A machine fills 64 ounce detergent jugs. It is known that the net amount of detergent poured into each jug has a normal distribution with a standard deviation of 0.35 ounces. The inspector wants to adjust the machine such that at least 95% of the jugs have more than 64 ounces of detergent. what should the mean amount of detergent poured by this machine into these jugs be?
The mean amount of detergent poured by the machine should be 64.35 ounces.
To determine the mean amount of detergent poured by the machine, we can use the Z-score formula. The Z-score is used to standardize values in a normal distribution.
Let's assume that X is the amount of detergent poured by the machine into each jug. We want to find the mean μ, which is the average amount of detergent poured by the machine.
To find the Z-score, we use the formula:
Z = (X - μ) / σ
Where:
Z is the Z-score,
X is the observed value (64 ounces),
μ is the mean,
σ is the standard deviation (0.35 ounces).
Since we want at least 95% of the jugs to have more than 64 ounces of detergent, we need to find the Z-score corresponding to the 95th percentile.
Using a Z-score table or a statistical calculator, we find that the Z-score corresponding to the 95th percentile is approximately 1.645.
So, we have:
1.645 = (64 - μ) / 0.35
Now, we can solve for μ:
(64 - μ) / 0.35 = 1.645
64 - μ = 1.645 * 0.35
64 - μ = 0.57475
μ = 64 - 0.57475
μ ≈ 63.42525
Therefore, the mean amount of detergent poured by the machine into the jugs should be approximately 63.42525 ounces to ensure that at least 95% of the jugs have more than 64 ounces of detergent.
To find the mean amount of detergent that should be poured into the jugs, we need to determine the cutoff value for the 95th percentile of the normal distribution.
Step 1: Find the Z-score for the 95th percentile.

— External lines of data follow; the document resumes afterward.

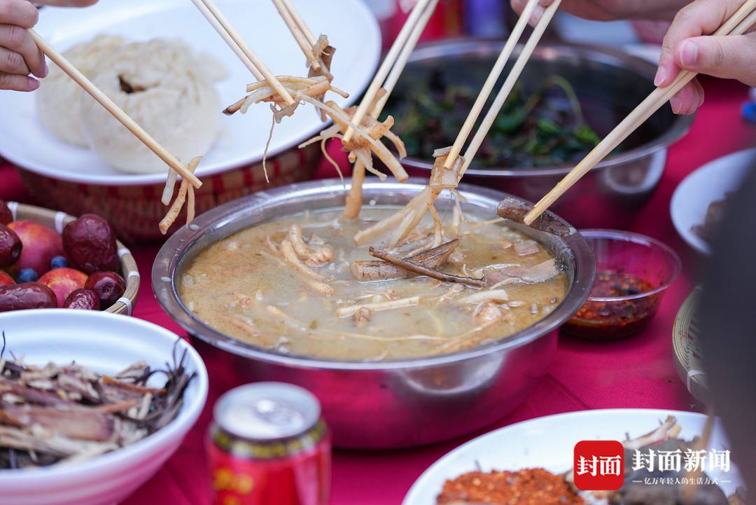 △游客品尝“药根宴”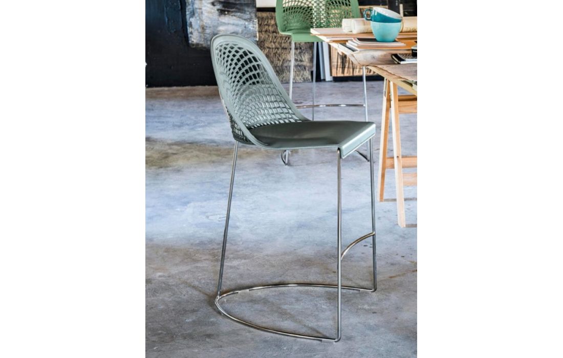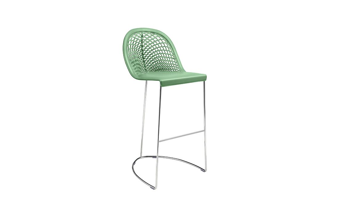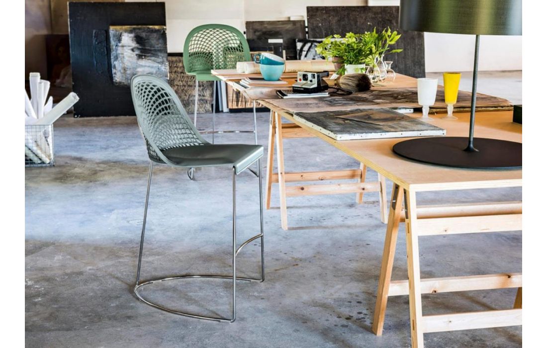 Banco bar com base trenó, estrutura em metal com assento e encosto em couro.Destinatário :
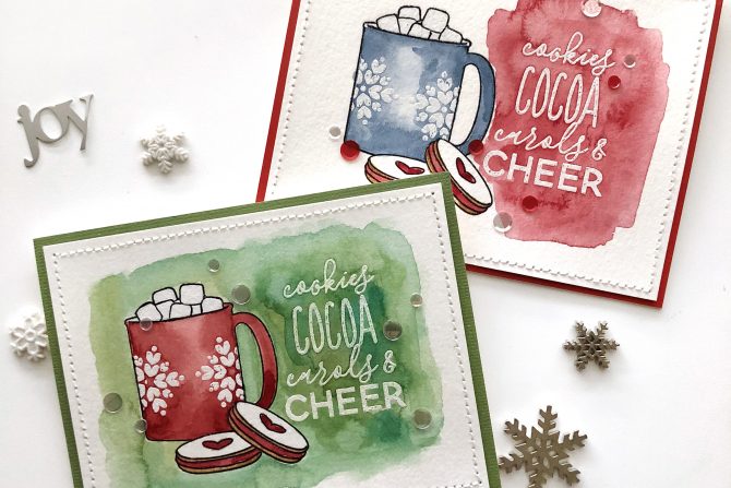 Hello, hi! How is your Monday going? If you’re needing a pick-me-up already, a mug of cocoa and a cookie perhaps, well….I can’t provide that exactly, but I do have a couple of cute cards that might come close?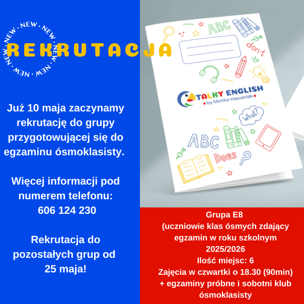 Już 10 maja zaczynamy rekrutację na kolejny rok szkolny. Startujemy od grupy dedykowanej uczniom zdającym egzamin ósmoklasisty w roku szkolnym 2025/2026. Zajęcia w czwartki o 18.30, 90 min. W grupie będzie max. 8 osób. Obecnie mamy 6 wolnych miejsc. Aby dostać się do grupy, należy zdać egzamin wstępny. Termin egzaminu ustalimy przy zapisie. Zapraszam do kontaktu telefonicznego: 606124230.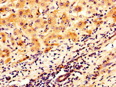 IHC image of CSB-PA016314LA01HU diluted at 1:300 and staining in paraffin-embedded human liver cancer performed on a Leica BondTM system. After dewaxing and hydration, antigen retrieval was mediated by high pressure in a citrate buffer (pH 6.0). Section was blocked with 10% normal goat serum 30min at RT. Then primary antibody (1% BSA) was incubated at 4°C overnight. The primary is detected by a biotinylated secondary antibody and visualized using an HRP conjugated SP system.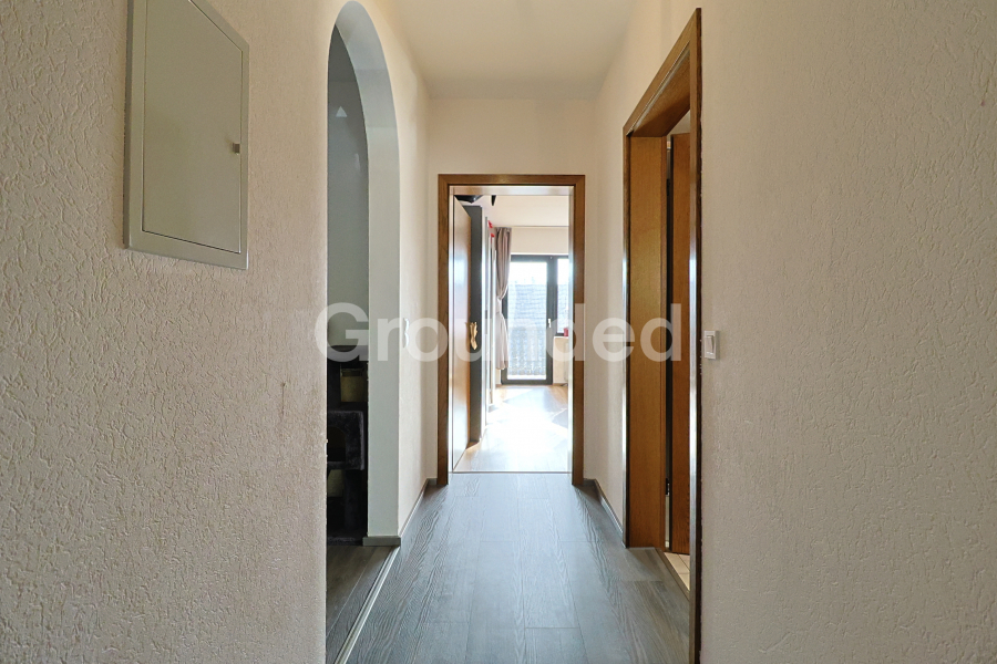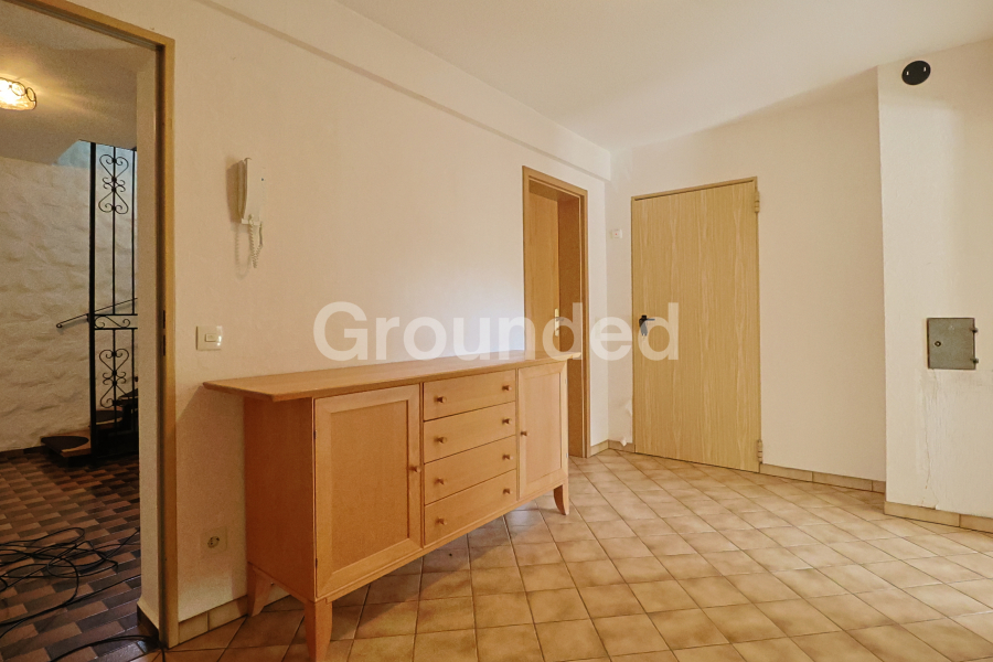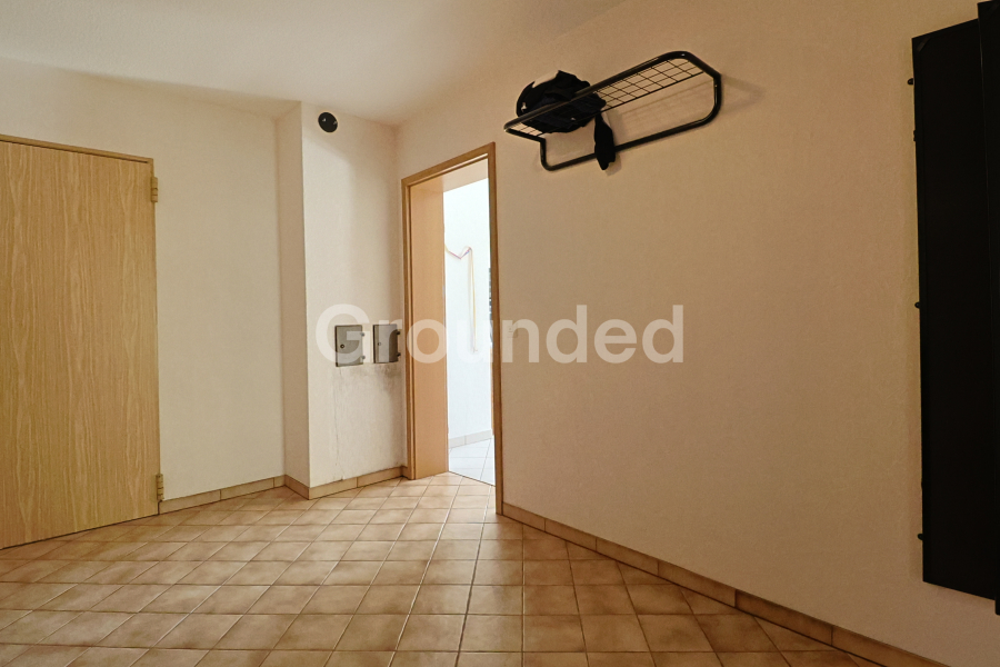 Nach der Haustüre finden Sie das Treppenhaus, von wo Sie in den zentralen Eingangsbereich im Erdgeschoss gelangen. Von dort erreichen Sie das Esszimmer mit angrenzender Küche und Speisekammer, das Gäste-WC, das Wohnzimmer mit großzügigem Balkon, das Schlafzimmer – ebenfalls mit Zugang zum Balkon – das Kinderzimmer und ein voll ausgestattetes Badezimmer mit Badewanne, Dusche und WC.
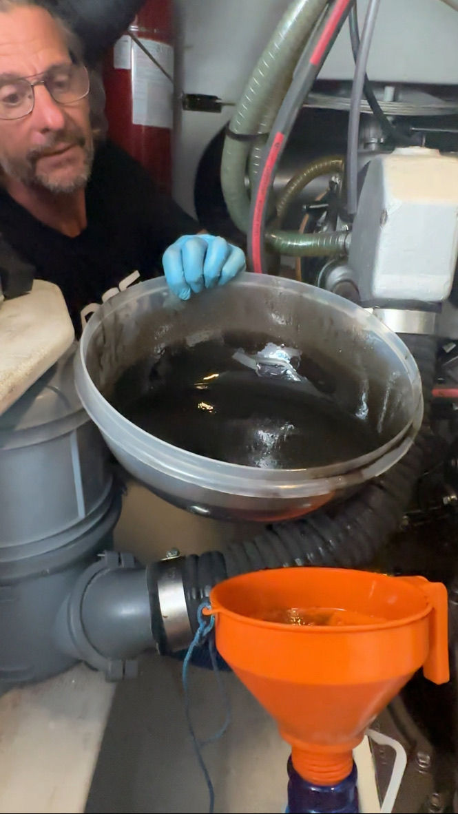 Zum Glück hatten wir noch genügend neues Öl an Bord, und in der vergessenen Kiste fand sich auch ein neuer Ölfilter. Es fehlte nur noch ein passender Behälter für das alte Öl. Wobei „altes Öl“ zu diesem Zeitpunkt bereits ein erstaunlich dehnbarer Begriff war.
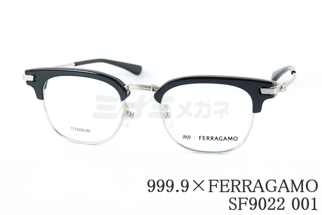 999.9×FERRAGAMO メガネ SF9022 001 サーモント ブロー ウエリントン コラボモデル アジアンフィット オシャレ ブランド フォーナインズ フェラガモ 鯖江 日本製 正規品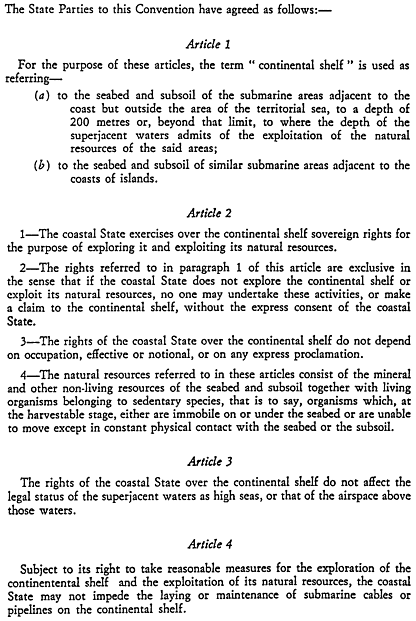 And whereas Australia is a party to the Convention of the Continental Shelf signed at Geneva on 29th April 1958 in which those rights are defined: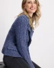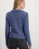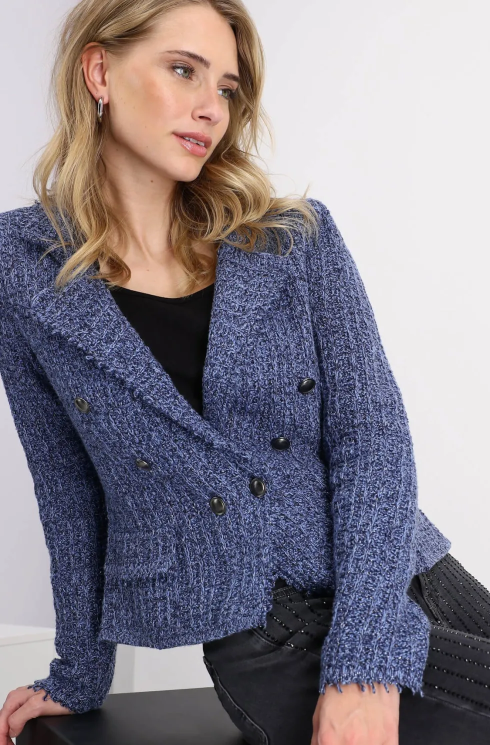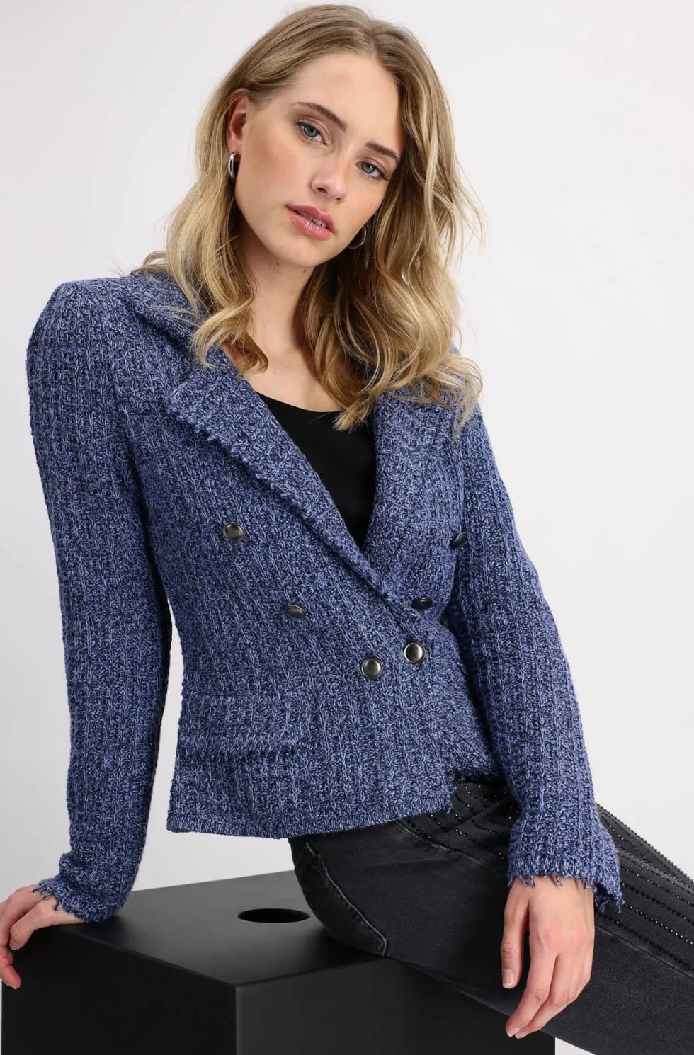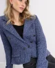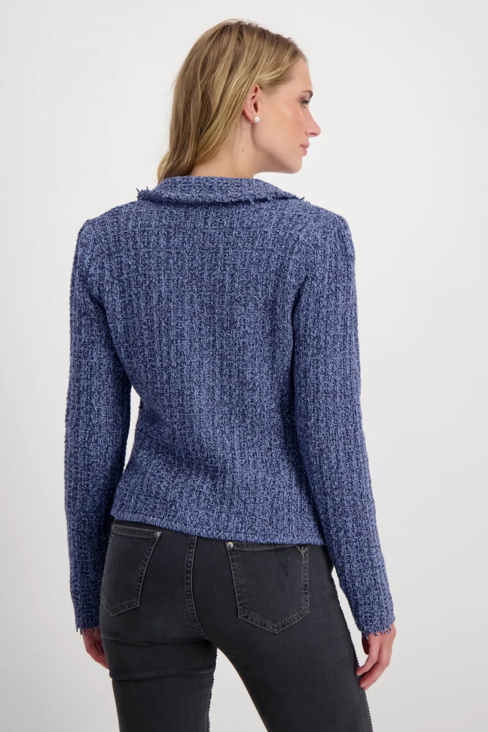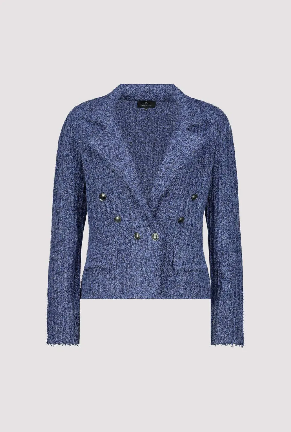 Lapel Collar Jacket – Indigo 408488 by Monari at The Wardrobe. 77% cotton; 14% polyester; 7% viscose; 2% metallized polyester Gentle machine wash/Wool detergent/Wash inside out This tweed blazer in high quality cotton and glittering yarn features decorative buttons, is slightly fitted and has cool frayed edges.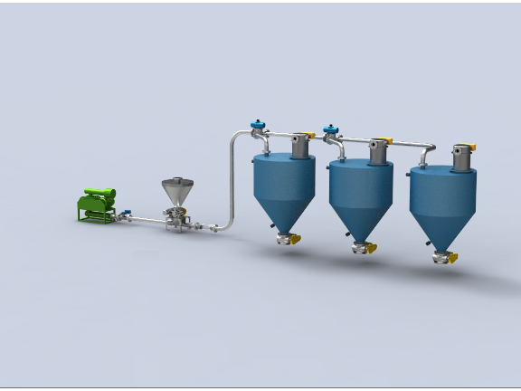 氣力輸送管道有單管輸送、雙管輸送和雙套管輸送,單管輸送主要用于稀相輸送,雙管及雙套管可以實(shí)現(xiàn)密相輸送,并且雙套管輸送多用于飛灰輸送。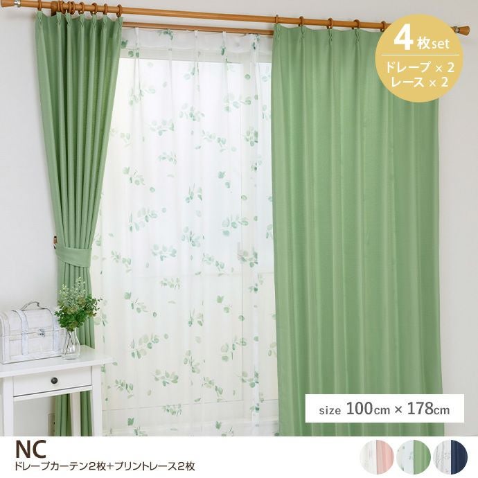 【4枚セット】NC ドレープカーテン2枚+プリントレース2枚 100cm×178cm
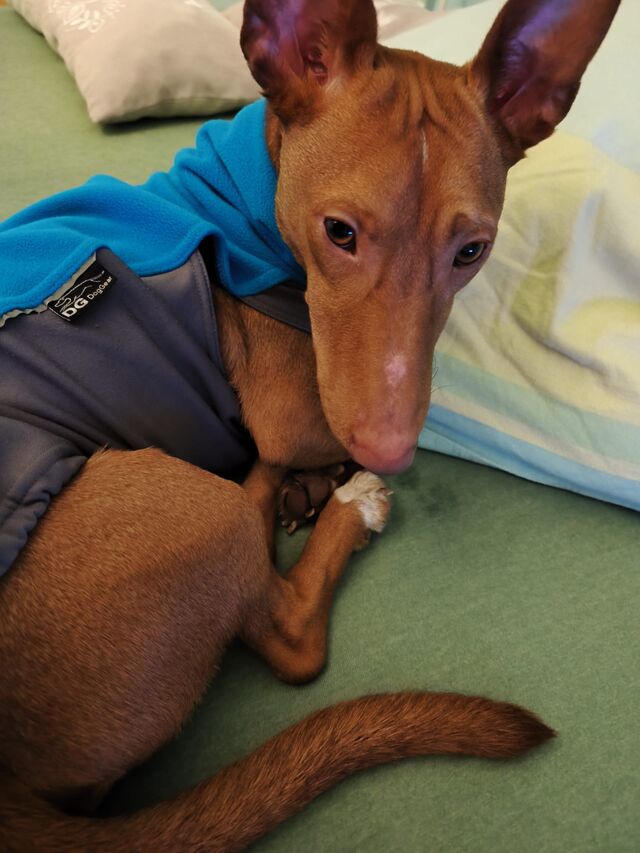 Manuel ist ca. 2,5 Jahre alt und hat eine Schulterhöhe von 32 cm. In Spanien wurde er positiv auf Leishmaniose getestet. Der Folgetest im Dezember 2025 in Deutschland war negativ. Manuel bekommt aktuell morgens und abends als Medikation Allopurinol, dazu purinarmes Futter. Manuels Pflegefamilie arbeitet intensiv mit ihm zusammen und bietet ihm Stabilität und Struktur. Aber das braucht Zeit. Wenn Manuel bei seinen Menschen angekommen ist, ist er ein unglaublich lustiger, charmanter kleiner schlauer Hund. Mit wachsendem Vertrauen wird er sich zu einem wirklich wunderbaren Begleiter entwickeln. Er ist sehr liebevoll mit seiner Pflegefamilie. Seine aktuelle Pflegefamilie wird bald wieder arbeiten und alleine gelassen zu werden ist derzeit Manuels größte Herausforderung. Er versteht es nicht, bellt dann und ist traurig und frustriert. Was Adoptanten über Podencos wissen müssen: Ursprünglich für die Kaninchenjagd gezüchtet, liegt ihnen das Jagen und Stöbern bereits in den Genen. Zumindest am Anfang sollten Podencos beim Spaziergang ausschließlich an einem Sicherheitsgeschirr geführt werden. Sichten sie Wild, würden sie durchstarten und es verfolgen. Podencos sind intelligent, haben eine schnelle Auffassungsgabe, haben eine enge Bindung zu ihren Menschen und sind oft sehr liebevoll, loyal und anhänglich.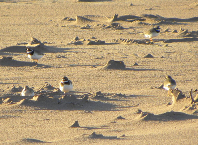 A dunlin was hunkering down with half a dozen ringed plovers.

Since the normal distribution is symmetric, we can find the Z-score using a standard normal distribution table or calculator. The 95th percentile corresponds to a Z-score of approximately 1.645.
Step 2: Use the formula for Z-score to find the mean.
The formula for Z-score is given by:
Z = (x - μ) / σ
Where:
Z is the Z-score,
x is the value of interest,
μ is the mean,
σ is the standard deviation.
In this case, we want to find the mean (μ) and the value of interest (x) is 64 ounces. The Z-score is 1.645 and the standard deviation (σ) is 0.35 ounces.
So, we have:
1.645 = (64 - μ) / 0.35
Step 3: Solve for the mean.
Multiply both sides of the equation by 0.35:
0.35 * 1.645 = 64 - μ
0.57775 = 64 - μ
Rearrange the equation to solve for μ:
μ = 64 - 0.57775
μ ≈ 63.42
Therefore, the mean amount of detergent poured by this machine into these jugs should be approximately 63.42 ounces in order to ensure that at least 95% of the jugs have more than 64 ounces of detergent.